There’s always change but the corporate learning sector has been experiencing more than its usual share recently.


On a strategic level, there’s a growing trend towards learning technology suppliers moving away from control by learning technologists. A recent 101-page IBIS Capital report on the e-learning sector, with market information and analysis from Learning Light, highlights 42 significant mergers and acquisitions in this sector since the beginning of 2011. Since those figures were compiled, the UK-based Kineo has been acquired by City & Guilds and Italy’s global player in the learning content management system market, eXact learning solutions, has been acquired by the international management consultants, Lattanzio Group, Neither of these buyers had previously owned a learning technology company.

On a tactical, technological level, the sector is experiencing change in terms of new sources of learning delivery. These tend to be social media dominated, such as Pinterest, Pearltrees, Storify and ShortForm. As Seth Godin, the blogger and best-selling author, has observed, ““We don’t have an information shortage; we have an attention shortage.”


These new technologies build on and encourage the easy spread of information and conversation. They are encouraging those in the field of corporate online learning to widen their understanding of learning and development (L&D). There are now many acknowledged routes to ‘learning’, along with a growing range of learning delivery channels. Results, in terms of improved job performance, having ‘learned’ – rather than following a prescribed method by which to learn – are becoming the key criteria in corporate learning effectiveness.


This trend is unstoppable – given the continued growth both in vehicles for learning and in things to learn and apply – but it’s putting greater strain on L&D professionals.

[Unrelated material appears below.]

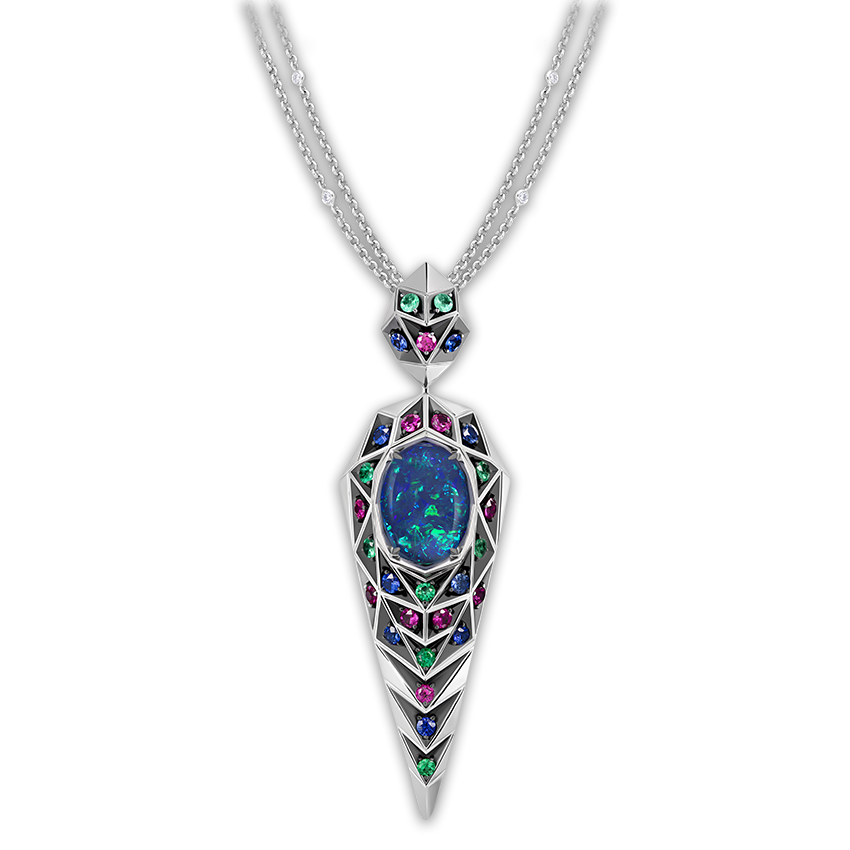 Мерцающие «капли» белых опалов и ритмичные переплетения природных сапфиров, изумрудов и бриллиантов в колье предвосхищают волшебное сияние и насыщенный цвет австралийского черного опала редкого бирюзового оттенка 18,78 ct.

When ‘learning’ was a simpler business, it could be managed and administered. Outputs in terms of numbers (the number of people who took a ‘course’ or achieved a ‘pass score’ in a test, for example) could be determined and were unambiguous – even if they didn’t mean a great deal in terms of the learners’ transfer of skills and actual job performance.


L&D professionals are now facing some deep psychological issues which strike at the heart of their identity, self-image and self-worthiness. For example, is their role to continue creating and/or finding learning materials and then making them available to learners? Or should they be enablers, counsellors, mentors and then ‘learning accountants’ who assess the value of a learner’s learning experience in the light of that person’s resulting change in job performance?

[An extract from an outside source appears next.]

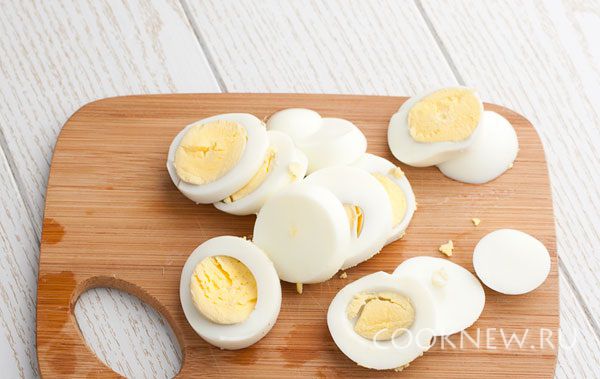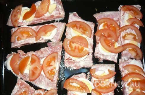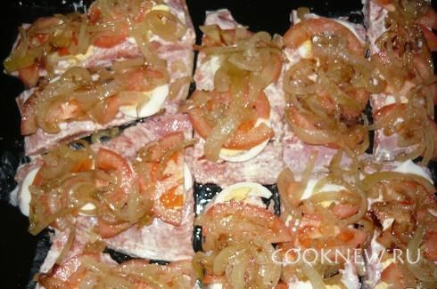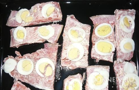На противень выкладываем нашу рыбку,сверху кладем яйца.

The latter may be preferable in today’s business world but it will be hard to do.


How can L&D professionals establish an objective basic performance level for a learner, from which to benchmark that learner’s subsequent performance? How will a piece of ‘achieved learning’ be discovered and analysed by the L&D professional? Over what period will that piece of learning remain ‘valid’ to enable the L&D professional to take account of it to see if the learner applies it in her/his job?


Increasingly, learning activities are informal and, thus, will probably be unmonitored since modern learning technologies make it easy for people to learn from others – especially their peers. Many ‘amateur’ learners won’t necessarily know they’ve undergone a learning experience and yet they will have learned something which will help them do their job more effectively or efficiently.

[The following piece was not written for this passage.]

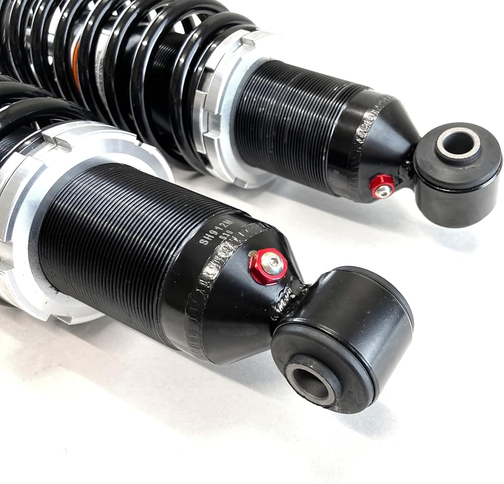 (both shocks) Replaces OEM # AM135375. Eye to eye distance: 373 mm, Body outer diameter: 46 mm, Spring outer diameter 86 mm. Upper eyelet: 12 x 24 mm, Lower eyelet: 12 x 24 mm.

Developing technology offers humanity a great many advantages. Yet for the L&D professional, this will pose problems. It merely multiplies to opportunities for informal learning. This should have enormous benefits in terms of performance and productivity but it makes it even harder to quantify and justify the L&D professional’s job.


So there could be even greater changes ahead where corporate learning and corporate learning technologies are concerned.